Replication (in XLS) of Poisson outlier identification and rejection for low ion-count species, using Calamari input
This Excel workbook (100142_FullCheck_Sub100Medians.xls) shows detailed working of the Poisson assessment routine in SQUID 2.50, for ion counts where the median of the 10 integrations <= 100. The relevant XML file is ‘100142…’, and these calculations are upstream (and independent) of any other user-defined parameters.
Sheet ‘Poisson’ simply contains the hard-wired upper (ArrU) and lower (ArrL) c95% limits for all the integers between 0 and 100, as hard-wired in SQUID 2.50. Note the anomalies at the lower end of the scale: the upper c95% limit for a value of 0 (= 6) was arbitrarily chosen. It means the outlier-threshold when the median is 0 is much higher than when the median is 1, or 2.

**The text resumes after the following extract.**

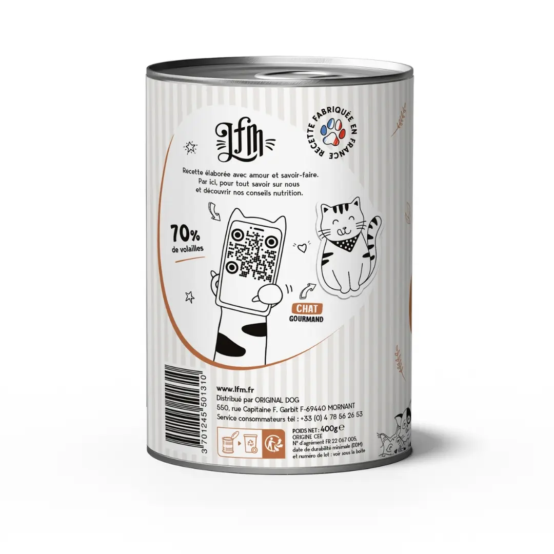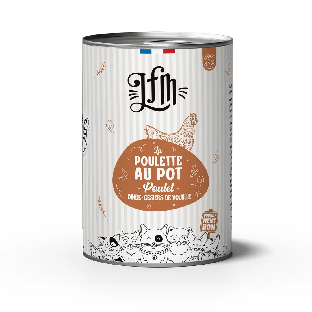 La pâtée pour chats adultes La Poulette au pot de la marque LFM est un aliment humide complet, sain et équilibré qui saura faire frémir de plaisir les moustaches des plus gourmands.

The rest of the sheets relate to specific mass-stations in which the median integration value for some scans/analyses drop below the 100 threshold. In XML file ‘100142…’ the only mass-stations affected are 204Pb, background (Bgd), 207Pb and 208Pb. For each mass-station, there are three worksheets, each exploring a different rounding behaviour of non-integer medians (for the purpose of potential outlier detection at SQUID replication). ‘…_up’ sheets investigate ‘ceiling’ rounding of medians of the form ‘x.5’ to ‘x+1’, whereas ‘…_down’ sheets investigate ‘floor’ rounding of medians of the form ‘x.5’ to ‘x’. Note that neither of these rounding methods permits full-file-scale replication of SQUID behaviour (this is better illustrated by masses 207 and 208 than 204 and background). SQUID behaviour can only be fully replicated on the ‘…_halfeven’ sheets, which implement ‘banker’s rounding’ (i.e. medians of the form ‘x.5’ are rounded to ‘x’ when x is even, and rounded to ‘x+1’ when x is odd).
In each of these sheets, rows 1–3 contain peak-specific reference data, and also summary data derived from the rows below. There are 684 rows of data in each case (rows 5–688), comprising one row per scan per analysis (114 analyses @ 6 scans each) for the entire XML file.

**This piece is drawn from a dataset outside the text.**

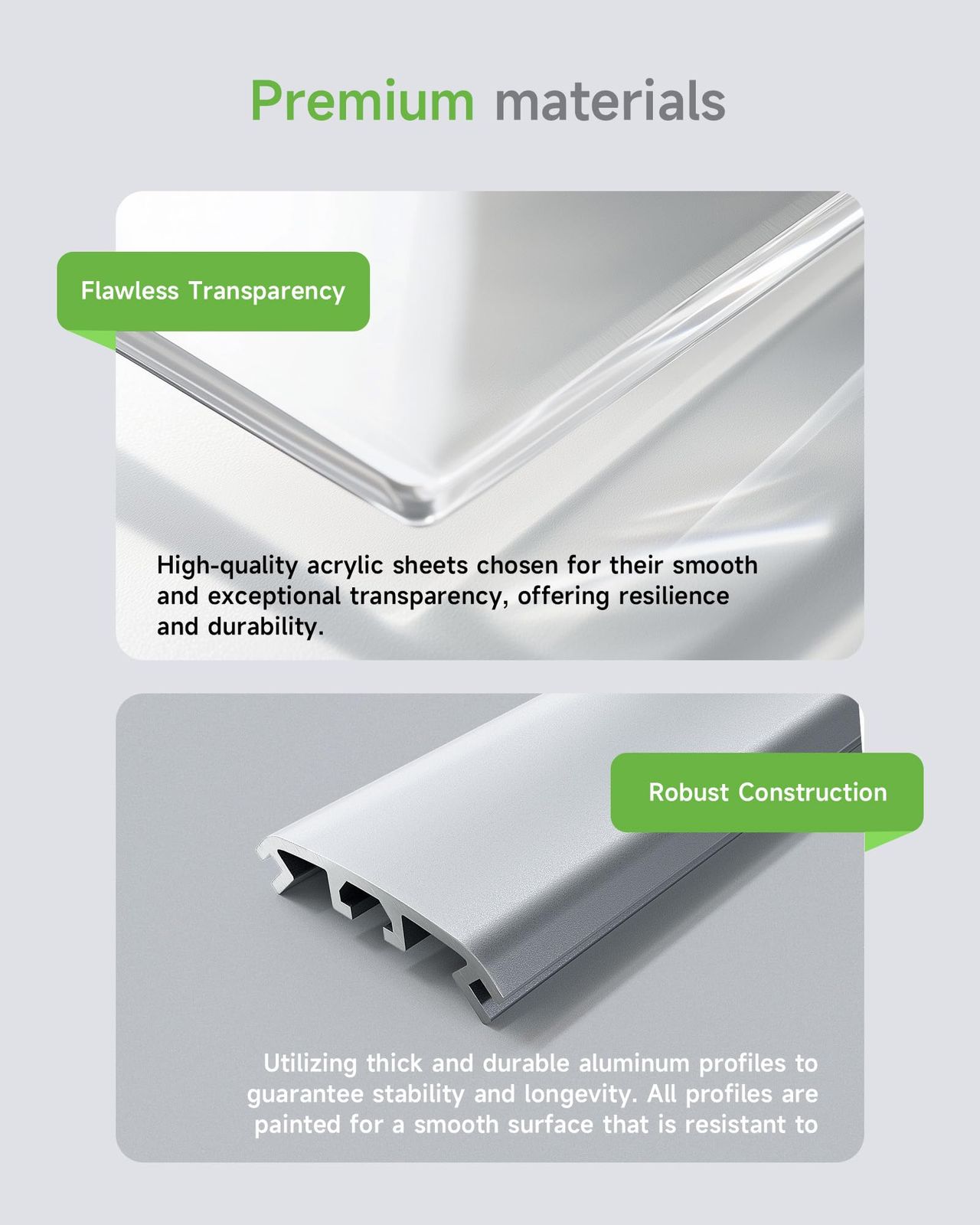 - Materiais Premium: Folhas De Acrílico De Alta Qualidade Escolhidas Por Sua Transparência Suave E Excepcional, Oferecendo Resiliência E Durabilidade. Utiliza Perfis De Alumínio Grossos E Duráveis Para Garantir Estabilidade E Longevidade. Todos Os Perfis São Pintados Para Uma Superfície Lisa E Resistente À Corrosão.

- Columns A–C contain identifying data for each scan.
- Columns D–M contain the values of the 10 integrations as measured, derived directly from Calamari Report ‘Check_01…’.
- Column N calculates the median of the 10 integrations (with row 3 containing a count of the values <= 100), and column O is a Boolean identifying whether the median is <= 100 and non-integer, because this combination of properties is where the unusual rounding behaviour arises (row 3 contains a count of the values where both conditions are true).
- Column P contains the median value rounded to an integer, following the rounding mode defined in row 2 (‘up’ = ‘ceiling’, ‘down’ = ‘floor’, and ‘half-even’ = ‘banker’s rounding’). If the rounded median <= 100, columns Q and R contain the values ‘looked up’ from columns ArrL and ArrU respectively, within sheet ‘Poisson’, corresponding to the rounded median.
- Columns S–AB contain the residuals of each of the 10 integrations relative to the unrounded (true) median in column N (not the rounded version in column P!). For the irrelevant cases (i.e. median > 100), columns Q and R are null, and zeroes are returned everywhere. Relevant cases (i.e. median <= 100) are identified by non-null entries in columns Q and R, but residual values are only calculated if the relevant integration lies beyond the 95% confidence intervals defined in columns Q and R (otherwise residuals are set to zero).
- Column AC simply identifies the largest outlier (maximum residual value) for the 10 integrations.
- Columns AD–AM are populated according to whether any given integration qualifies as an excludable outlier or not. Any such outlier is populated with a 1; all other integrations are labelled 0. The objective is to ensure that only one integration (that with the largest residual) is excluded, and that if two or more integrations share the maximum residual value, the integration acquired first is the only one rejected.
- Columns AN–AW are simply a re-expression of the original 10 integrations, with the exception that any integration identified as an outlier by the foregoing logic is assigned a value of 0 instead. The re-expressed columns can be considered to contain ‘surviving’ integrations.
- Columns AX–BG are the squares of the surviving integrations, which are eventually used for calculating SigmaPkCounts.
- Column BH quantifies the number of surviving integrations (9 where a Poisson-related rejection has been permitted, 10 otherwise), column BI is the sum of the surviving integrations (from columns AN–AW), and column BJ is the sum of their squares (from columns AX–BG).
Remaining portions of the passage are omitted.